**DATASET SECTION:**

....................

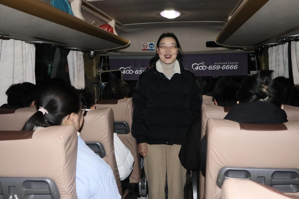 大巴车启动后,学院领导以及志愿者们站在路边,挥手送别考研学子,为他们献上自己最衷心的祝愿。
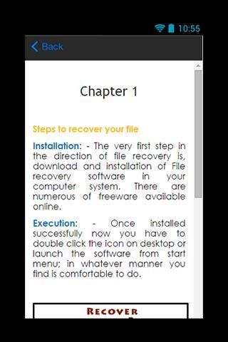 Note:-This Is Content - Only App. It gives you information regarding recovery of deleted file.
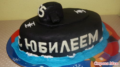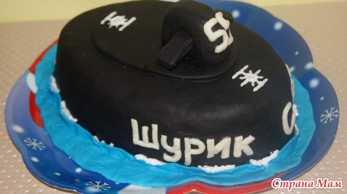 Всем добрый вечер, вот показываю вам свой новый тортик, на подводную лодку правда он не очень похож, уж больно широкий, но заказчикам очень понравился, сказали что все гости с ним нафотографировались)))) а внутри коржи от "молочной девочки" крем масло со сгущенкой и карамелизованные грецкие орехи. Делала первый раз и даже сама не знаю как на вкус такой торт, опять же по словам заказчиков, торт просто вкусняшка, когда же будет праздник, чтобы сделать такой домой
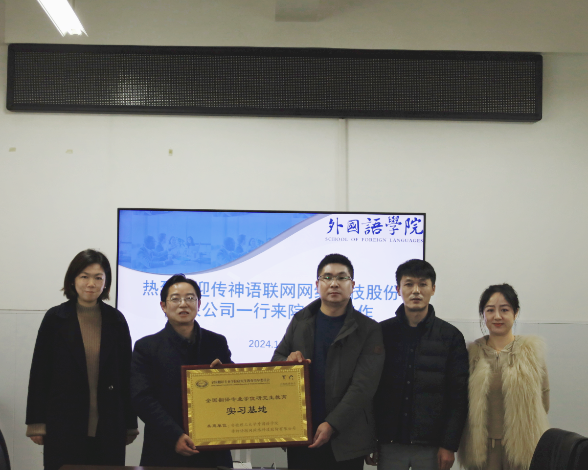 近日,全国翻译专业教指委、中国译协公布了全国翻译专业学位研究生教育实习基地认证名单,由学院和传神语联网网络科技股份有限公司联合申报的翻译专业学位研究生教育实习基地顺利获批。

....................

**EXERCISE:**
Set down the data above verbatim, omitting every image.

**EXERCISE RESULT:**
 大巴车启动后,学院领导以及志愿者们站在路边,挥手送别考研学子,为他们献上自己最衷心的祝愿。
 Note:-This Is Content - Only App. It gives you information regarding recovery of deleted file.
 Всем добрый вечер, вот показываю вам свой новый тортик, на подводную лодку правда он не очень похож, уж больно широкий, но заказчикам очень понравился, сказали что все гости с ним нафотографировались)))) а внутри коржи от "молочной девочки" крем масло со сгущенкой и карамелизованные грецкие орехи. Делала первый раз и даже сама не знаю как на вкус такой торт, опять же по словам заказчиков, торт просто вкусняшка, когда же будет праздник, чтобы сделать такой домой
 近日,全国翻译专业教指委、中国译协公布了全国翻译专业学位研究生教育实习基地认证名单,由学院和传神语联网网络科技股份有限公司联合申报的翻译专业学位研究生教育实习基地顺利获批。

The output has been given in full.